If Guy Ritchie's movie, "Snatch," makes its debut before his new baby, don't expect him to toast it with champagne. Madonna's boyfriend says he's off booze as an act of solidarity with the mother of his child. "As the missus is pregnant, she doesn't drink, so I don't drink," he proudly proclaimed to the U.K. Mirror. Now that's chivalry.

Britney, a bad influence? A survey sponsored by Teen magazine and Sears has determined that teenage girls consider Julia Roberts, Drew Barrymore and Christina Aguilera to set "good examples" by their image, behavior and style. Britney Spears, on the other hand, was singled out as a "bad example." Was it something she said?

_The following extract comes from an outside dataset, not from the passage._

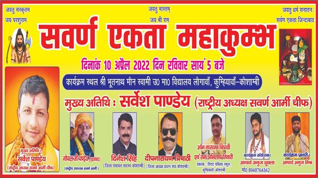 पूरा मामला सवर्ण एकता महाकुंभ का आयोजन 10 /4/2022 दिन रविवार को श्री भूत नाथ मौनी स्वामी आश्रम लौगावा कुम्हियावां कौशांबी में सवर्णों के प्रति सनातन संस्कृति का अस्तित्व बचाने के लिए हमेशा सवर्ण ही समाज को जागरुक करते रहें हैं और आगे भी करते रहेंगे सवर्ण आर्मी चीफ सर्वेश पांडेय जी ने यह भी कहा कि हम सवर्ण समाज के लिए हमेशा अग्रसर रहेंगे बता दें इस आयोजन में हजारों की संख्या में जन सैलाव जिसमें ब्राह्मण क्षत्रिय तथा वैश्य समाज के लोग बढ़ चढ़कर हिस्सा लिए और अपने समाज को जागरुक करने का एक मंच से संकल्प लिया वा आरक्षण के प्रति कड़ी आवाज उठाई और उन्होंने बताया कि जो आदि काल से ही ब्राह्मण वर्ग पूरे समाज का नेतृत्व करता रहा है उसको बहुत ही हेय दृष्टि से देखा जाता है और सवर्ण वर्ग का स्वाभिमान और अस्तित्व के खतरे को लेकर के विचार व्यक्त किए

Meg Ryan and Russell Crowe might have appeared arm-in-arm all over London as her marriage to Dennis Quaid crumbled a few weeks back, but they were apparently the picture of propriety on the set of their film "Proof of Life." David Morse, who appeared with them in the film tells the upcoming issue of Parade that he had no idea his costars had a thang goin' on. "I was shocked to hear about it," he says. "I didn't have a clue."

The monkey-toucher is off Mike Myers' back. Jeffrey Katzenberg has apparently successfully brokered a deal between Myers, Imagine Entertainment and Universal Pictures. Although "Dieter," the movie, will remain dead, the feuding parties have agreed to collaborate on another project. Let the dancing begin.